Foreign direct investment (FDI) into China rose 4.9 percent year-on-year during the first half of the year, official data showed yesterday, despite slowing growth in the world’s second-largest economy.
Outbound investment from China leapt 29 percent to US$45.6 billion, the Ministry of Commerce announced, with major increases in the crucial US and Australian markets.
Incoming FDI, which excludes financial sectors, increased to US$62 billion from January through last month, the ministry said. For last month itself, it rose 20.1 percent year-on-year to US$14.4 billion.
Photo: AFP
“Investment from Japan, the EU and US maintained rather rapid growth,” ministry spokesman Shen Danyang (沈丹陽) told reporters.
Japan invested US$4.7 billion in the six-month period, up 14.4 percent on year, with EU investment 14.7 percent higher at US$4 billion and that from the US rising 12.3 percent to US$1.8 billion.
The vast majority of investment into China comes from a group of 10 Asian countries and regions including Taiwan, Hong Kong, Japan and Singapore. Inflows from those economies gained 5.3 percent on-year to US$53.8 billion during the first half.
Inward investment fell last year for the first time in three years as clouds gathered over the global economy such as in Europe, while China suffered its own economic slowdown and political tensions soared with Japan.
“It is premature to come to the conclusion FDI has recovered with the single month data in June,” Shen said. “But FDI was relatively stable in the first half and gradually rebounded.
“We expect FDI to maintain steady growth in the second half of the year,” Shen said.
China’s economy grew at its slowest pace in 13 years last year as GDP expanded 7.8 percent.
In the first half of this year growth slipped again to 7.6 percent, Beijing said on Monday.
Chinese overseas investment increased significantly in the period, with money flowing into the US almost quadrupling, jumping 290 percent year-on-year.

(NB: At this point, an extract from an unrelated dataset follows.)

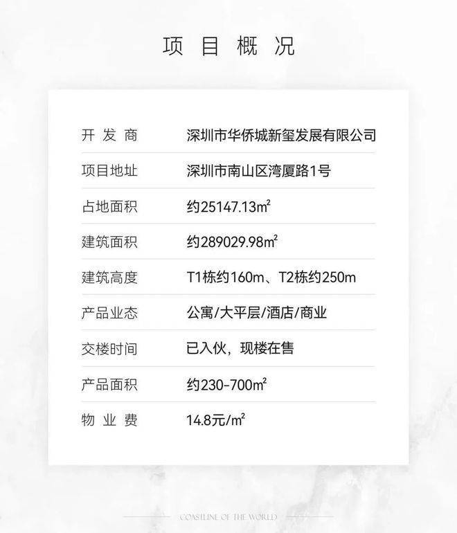 项目分为两期开发,主要由三栋高层建筑组成,其中:一期为两栋38层的商务公寓及公寓+办公综合楼,华侨城新玺售楼处电话4009099108,建筑高度约156.5米+171.1米;二期为1栋57层的商务办公及酒店综合楼,建筑高度约250米。

It almost doubled into resource-rich Australia, where it went up 93 percent, and investment into the EU also rose 50 percent.

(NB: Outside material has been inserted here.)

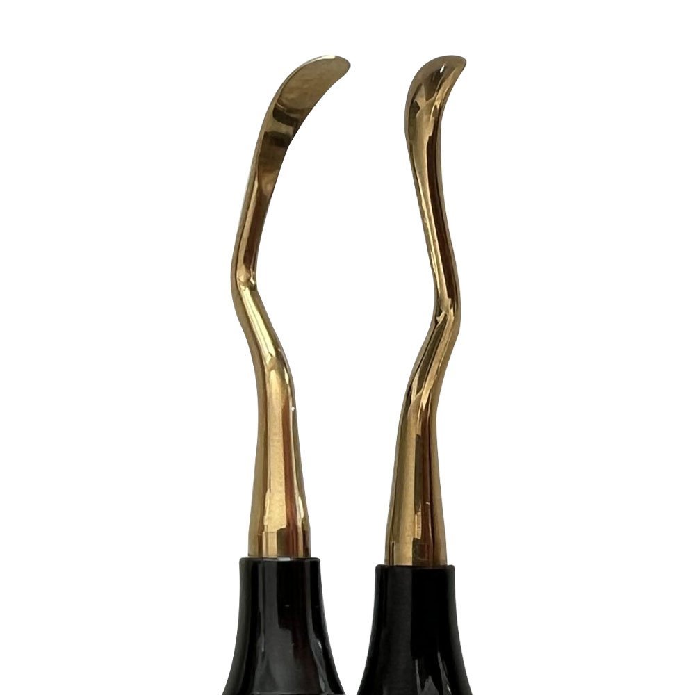 A ceramic plasma gold coating of Titanium Nitride is applied to the tips of medical-grade stainless-steel instruments to prevent corrosion, maintain sharpness, and reduce wear. The handle also features a ceramic plasma black coating of Titanium Nitride.

However, investment into Japan, with which China is embroiled in a row over disputed islands in the East China Sea, fell 9.1 percent.
Shen said the fall was mainly a result of a widening choice of investment destinations for cash-rich Chinese companies, as well as “investment barriers” in Japan.
“Whether the Japanese economy and its investment environment is the most ideal among all the countries and regions for [Chinese] companies to go is up to the market and the companies to decide,” he said.
In May China’s Shuanghui International (雙匯國際) announced it would buy US meats giant Smithfield for US$4.7 billion, while Australia is a crucial source of commodities for Beijing.
Mergers and acquisitions accounted for about 30 percent of China’s investment in the first half, Shen said, citing oil giant CNOOC’s (中國海洋石油) US$15.1 billion purchase of Canada’s Nexen — the largest ever overseas takeover by a Chinese firm — as an example.
The most appealing sectors for Chinese investors were construction, which surged 541 percent in January to June, science and technology (151 percent), mining (142 percent) and real estate (110 percent).